En este punto, me parece que está bueno pensar en el tema de los armados de horarios para los equipos de laburo y cómo podemos hacerlos para que sean lo menos disruptivos posibles para los ritmos de sueño y vigilia de las personas con las que trabajamos. Por ejemplo, que tengamos en cuenta que hacer cierre un día y apertura al día siguiente no es buena idea, porque de verdad sentís como que vivís en un bar. Claro que lo podés hacer un tiempo, pero a la larga termina siendo muy desgastante.

En caso de emergencia, siga estas instrucciones. Lo bueno de lo espiritual es que no hace falta creer para que funcione (al menos a veces).

DM: Para complementar lo que dice Pipi, les dejo una experiencia con mi propio descanso (y una breve historia del sueño). Quizás luego de leerla entiendan mejor algunos hábitos que tienen, o se den cuenta de lo nocivas de ciertas prácticas a la hora de dormir. Les recomiendo leer sobre técnicas e higiene del sueño.www.conexionbrando.com/1992780-laura-no-duerme

Refes: Late nights and the bartender dilemma 

Why reliable scheduling matters for bartenders

Coping with post-shift insomnia

OCIO

PY: Pregunta cruel: ¿Qué hacés aparte de trabajar? Cuando te metés a laburar en un bar a veces parece que las noches se conectan entre sí como bandas de moebius y que sólo trabajás. De hecho, muchas veces sólo trabajamos.
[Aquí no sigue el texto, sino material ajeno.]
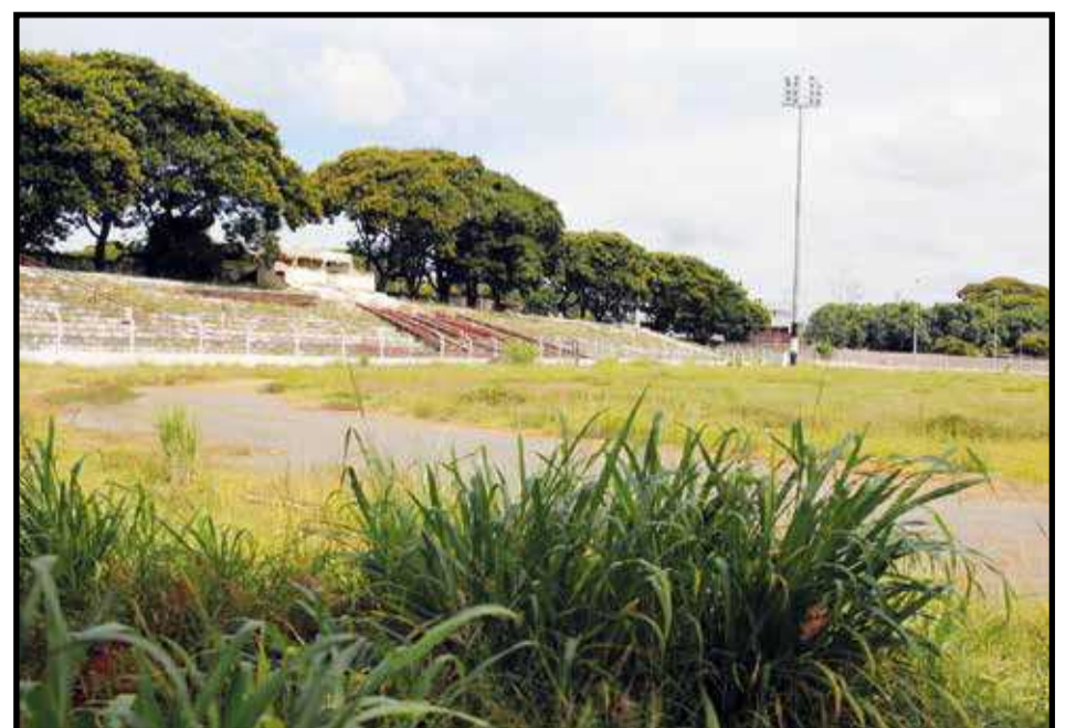
e na implantação do gramado, que corre risco de não ser mais recuperado

Enquanto havia a perspectiva da retomada da reforma, a construtora manteve seu canteiro de obras no estádio e ajudava a Novacap na manutenção do gramado, principalmente por causa dos riscos de perda da grama na época da seca em Brasília. Mas, no final do ano passado, a construtora abandonou totalmente a obra e retirou o que tinha lá, deixando o gramado ser tomado pelo mato em época de chuva.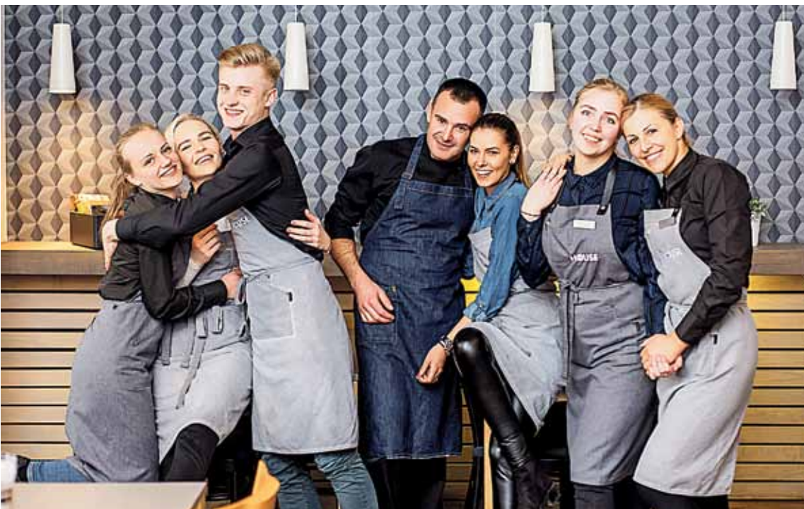
Draugiška „The House“ personalo komanda ir lankytojams negaili šypsenu.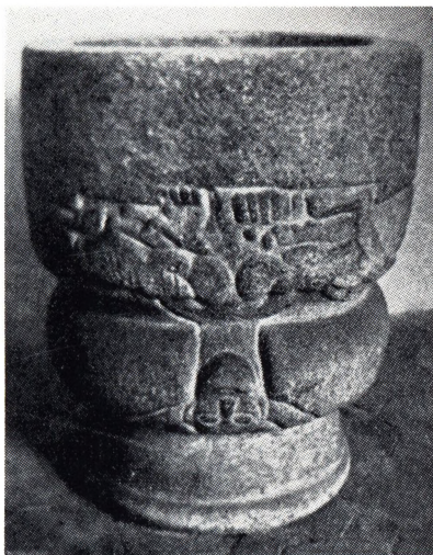
1. V. Egedefonten.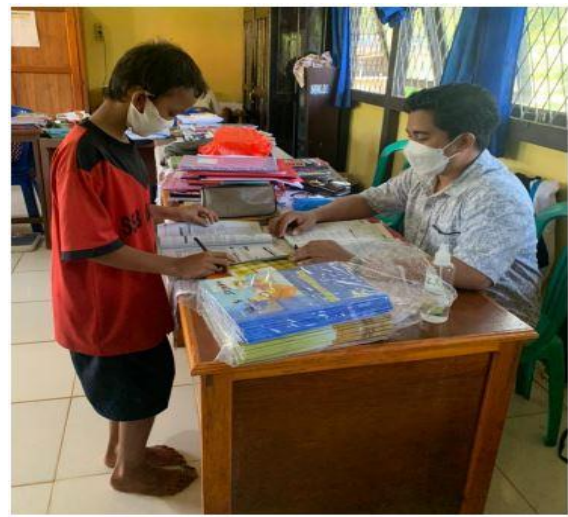
Gambar 3. Pembelajaran tatap muka (PTM) dan penugasan secara luring kepada kelas atas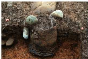
SR5004 土器埋設状況(北から)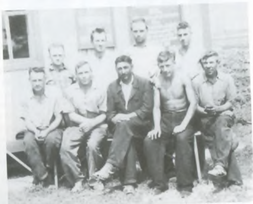
Колектив тракторної бригади № 3. 1954 рік.

Me parece importante que defendamos nuestro tiempo de ocio y que busquemos ocasiones para distendernos. Puede ser juntarte a comer al mediodía con amigos, puede ser ir al cine, ir a una muestra, o lo que sea que te mantenga activo y te genere disfrute. Cuando empezás a relegar sistemáticamente estos espacios, sumado a todo lo que mencioné anteriormente te vas acercando al burn-out.

Yendo más lejos, y si bien no soy muy de la analogía del bartender con el artista, definitivamente entiendo que parte de nuestra labor es creativa y necesitamos alimentarla. En algún punto esto se puede tratar de encontrar cosas del mundo que te generen ideas o inspiración.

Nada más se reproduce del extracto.